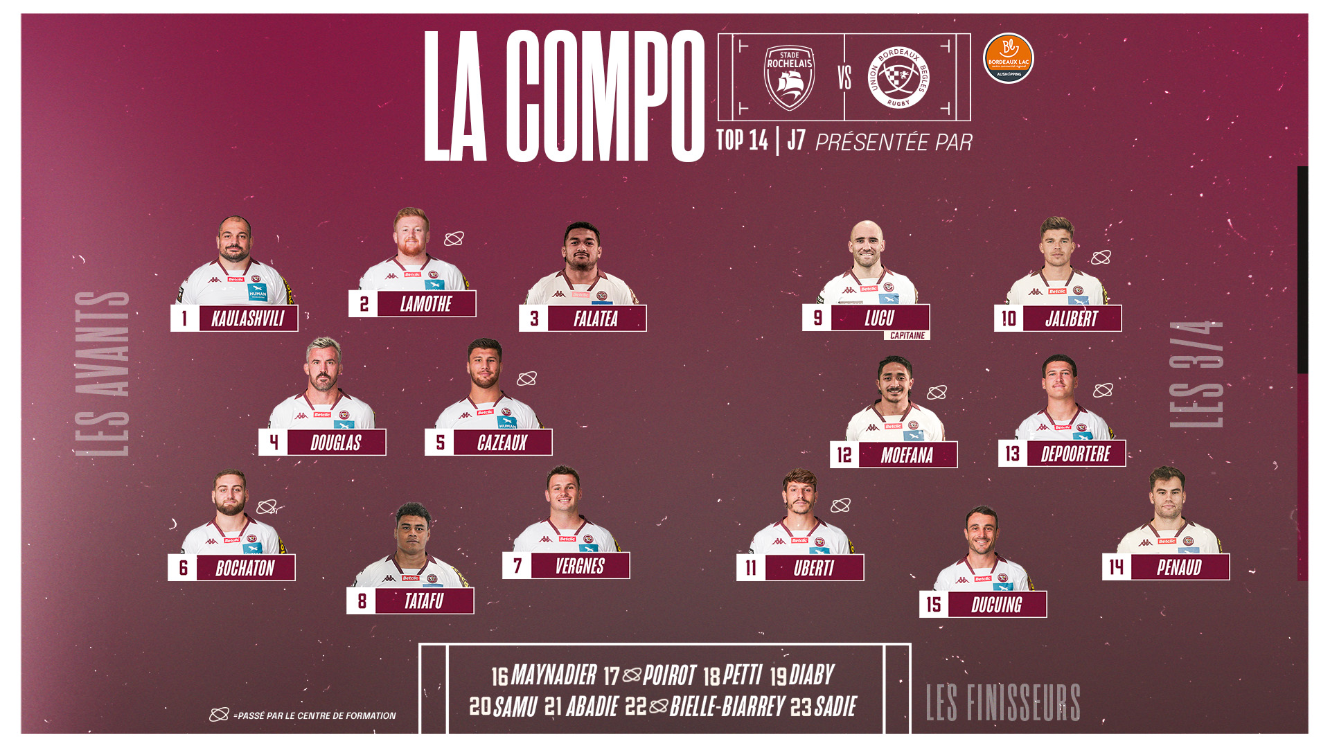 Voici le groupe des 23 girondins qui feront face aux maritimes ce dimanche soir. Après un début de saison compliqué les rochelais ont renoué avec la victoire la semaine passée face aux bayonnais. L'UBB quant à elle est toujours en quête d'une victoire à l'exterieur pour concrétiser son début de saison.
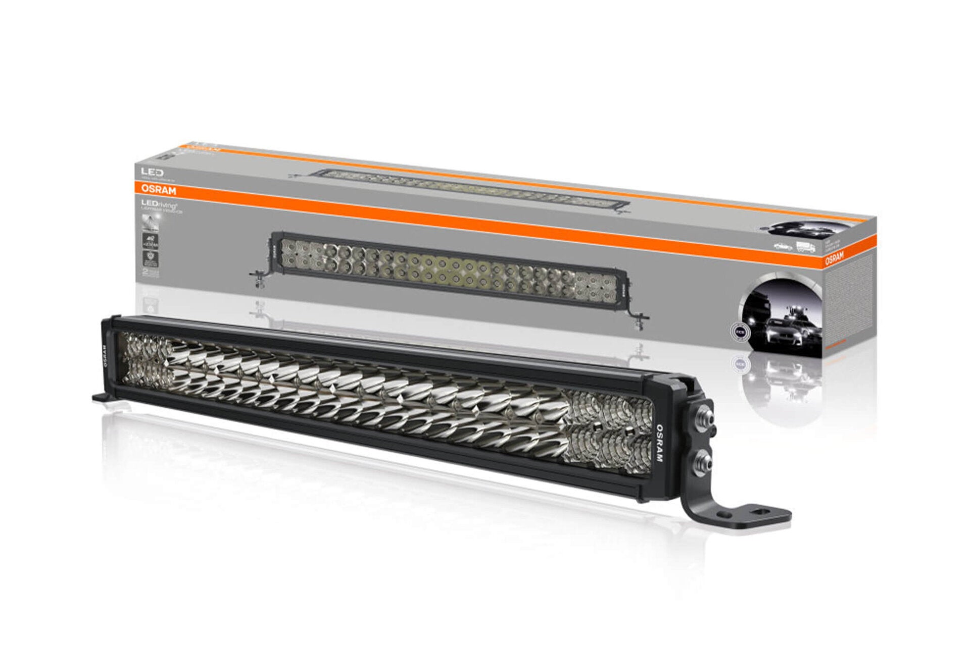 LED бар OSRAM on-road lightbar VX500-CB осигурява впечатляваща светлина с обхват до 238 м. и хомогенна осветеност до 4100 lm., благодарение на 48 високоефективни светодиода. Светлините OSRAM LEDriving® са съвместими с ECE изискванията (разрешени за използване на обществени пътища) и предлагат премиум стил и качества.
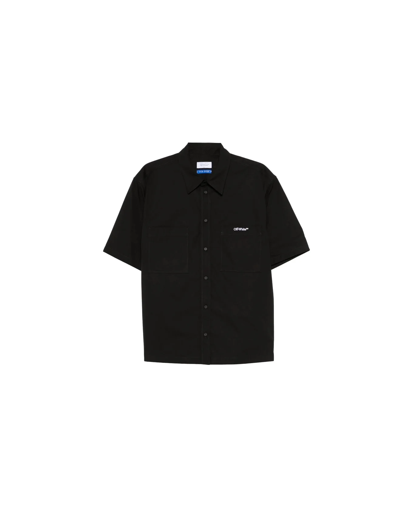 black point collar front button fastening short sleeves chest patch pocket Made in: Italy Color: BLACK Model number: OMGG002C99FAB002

-=-=-=-=-

# What the task asks
Would you please retype all the data exactly? Leave out whatever pictures it holds.

# Problem solution
 Voici le groupe des 23 girondins qui feront face aux maritimes ce dimanche soir. Après un début de saison compliqué les rochelais ont renoué avec la victoire la semaine passée face aux bayonnais. L'UBB quant à elle est toujours en quête d'une victoire à l'exterieur pour concrétiser son début de saison.
 LED бар OSRAM on-road lightbar VX500-CB осигурява впечатляваща светлина с обхват до 238 м. и хомогенна осветеност до 4100 lm., благодарение на 48 високоефективни светодиода. Светлините OSRAM LEDriving® са съвместими с ECE изискванията (разрешени за използване на обществени пътища) и предлагат премиум стил и качества.
 black point collar front button fastening short sleeves chest patch pocket Made in: Italy Color: BLACK Model number: OMGG002C99FAB002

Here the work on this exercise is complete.